Academy Award winning director Oliver Stone told the Australian Broadcasting Corporation in an interview that President Donald Trump’s presidency has been a “disaster” and that America “is sleepwalking toward a nuclear nightmare.”
“This is a little too early to tell if Trump lasts, but it seems he’s not to be the kind of president who plans, who deliberates,” Stone said in an interview, according to a Hill report.
The director made headlines in April when he bashed the president's decision to launch 59 tomahawk missiles at a Syrian airfield - the type of militaristic solution he promised to avoid during the campaign.
Stone recently sat down with Russian leader Vladimir Putin for a four-part documentary called “the Putin Interviews,” which will appear on Showtime later this year.
During their time together, Stone says he asked Putin about the accusations that he personally oversaw a Russian effort to meddlie in the US election, nd that the Russian leader answered “brightly” – though Stone stopped short of revealing what was said.
“Stone says he asked Putin about Moscow’s election meddling: “He answered very clearly, and I asked him repeatedly as it has become a big issue in the West and I think he answered very brightly, intelligently. I can’t tell you what he said, watch it for your self and make your own judgment.”

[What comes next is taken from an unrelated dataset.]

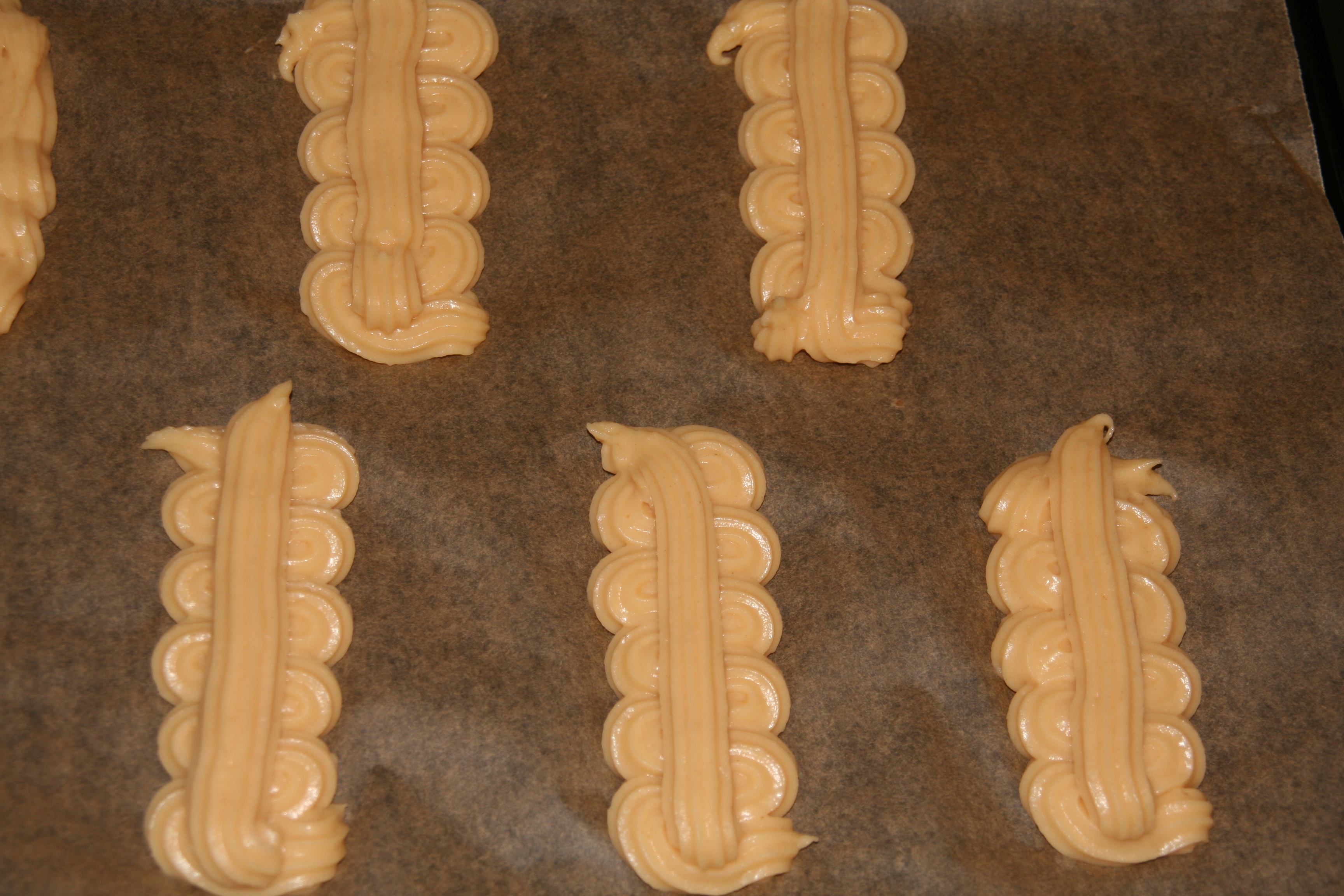 Mit einem Spritzbeutel auf ein mit Backpapier ausgelegtes Backblech längliche Streifen spritzen.

Americans, Stone says, "are not listening" to Putin.
For his part, Stone says he has never trusted US intelligence agencies, and that he worries US media and US politicians gave already poisoned Americans against Russia’s leader.
"What worries me is that we're reaching a dangerous threshold — we've probably reached it already — where the Western media and Western politicians have insulted him repeatedly, have said it's 'Putin's Russia.'"
Stone, 70, says he has “always questioned” U.S. intelligence agencies, telling the Australian TV program, “The CIA has always been a very dicey operation.”
“The Iraq war, the information they gave [then-President George W. Bush,] seems to be politicized intelligence in order to justify weapons of mass destruction. Again and again we see instances where the intelligence services, not just the CIA but the NSA too, and the FBI, have made huge mistakes and we’ve paid the price.”
In the end, it’s in both the US and Russia’s benefit for the two powers to get along because, as Stone notes, they have several important “shared interest.
The U.S. needs a “strong alliance” with Russia, Stone says, and could find common ground on some subjects, like terrorism.
“The world is in a very dangerous position and terrorism is an issue on which we both agree."
Finally, we note that the director has made films or biopics about a series of US presidents - JFK, Nixon and George W Bush - but for now has no plans to focus his creative skills on Mr Trump.
"If the Trump story may right now be a story about a man who is enamoured of consumerism or materialism and wants success at any cost, like Nixon a bit, and comes to the office willing to barter what is left of his soul in order to become president, possibly there is an angle there, but you know I'm not there yet.
"Let's let some years go by and see what happens."